As of end-September, dividends amounted to P11.067 billion, higher than the P4.473 billion remitted in the same period last year.
The higher-than-expected dividends during the nine-month period came about after the Bangko Sentral ng Pilipinas remitted P6-billion in July for its 2008 income.
The BSP remitted P6 billion in dividends in July after posting a net income of P8.93 billion last year, a turnaround from a loss of P87 billion in 2007. The country’s chief monetary authority incurred losses in 2007, mainly from its foreign exchange transactions.
The last time the BSP remitted dividends was for 2006 when it posted an income of P3.7 billion.
The rest of the amount for the nine-month period – amounting to P5.067 billion – came from other GOCCs.

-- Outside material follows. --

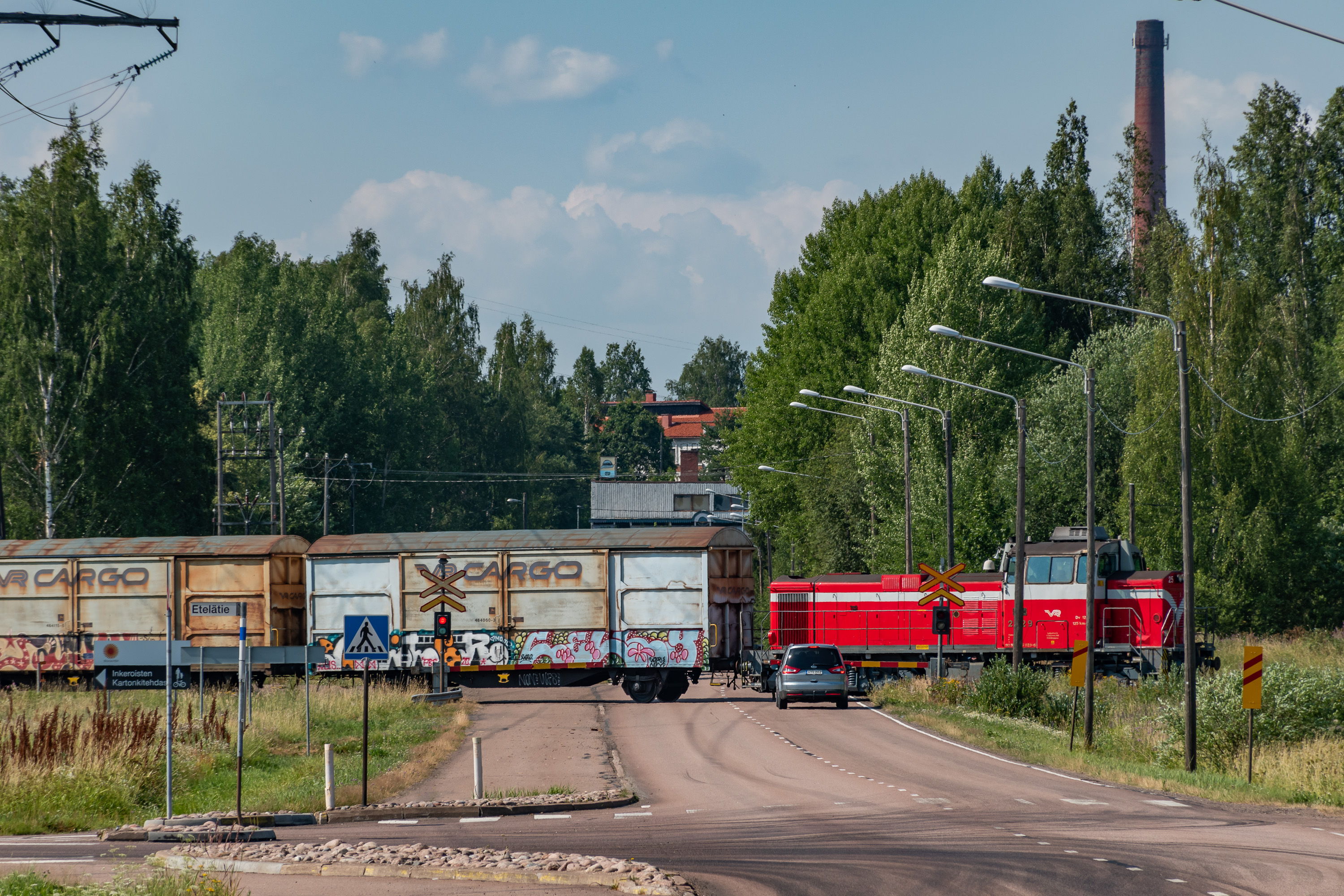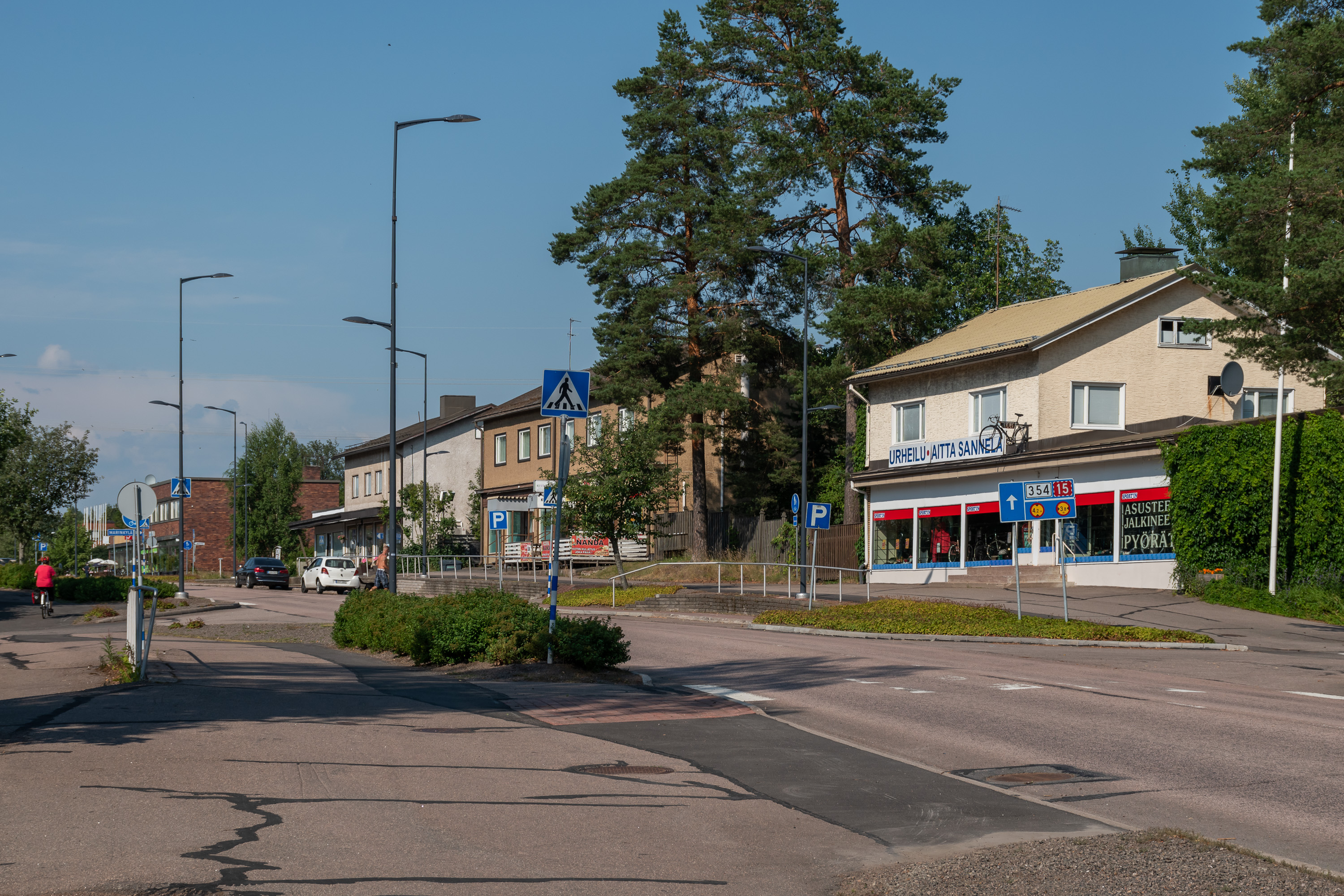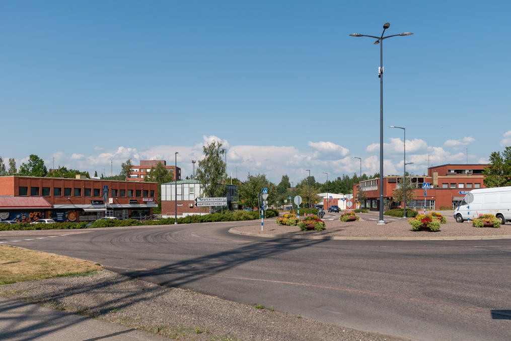 Посмотрим на поселок на полпути между Коуволой и Коткой — Инкеройнен (Inkeroinen), он же Аньяла (Anjala), 4.5 тыс. человек, административно с 2009 относится к Коуволе. Он вырос при бумажно-картонном комбинате, который действует (принадлежит Stora Enso) и к нему даже по подъездному пути что-то ездит. И электрички ходят, хоть станция и страшненькая.

The department has asked GOCCs and GFIs to remit more than the mandatory 50 percent of their yearly income to help raise funds for public spending which in turn, could help cushion the country against the negative impact of the global economic slowdown.
The government has been stepping up efforts to improve its finances on the back of a widening budget deficit. Dividends from state-run agencies and GFIs have formed part of revenues but the Finance department believes these agencies can remit more than their required share.
The budget deficit has already swelled to P266.1 billion as of end-October, already above the full-year ceiling of P250 billion.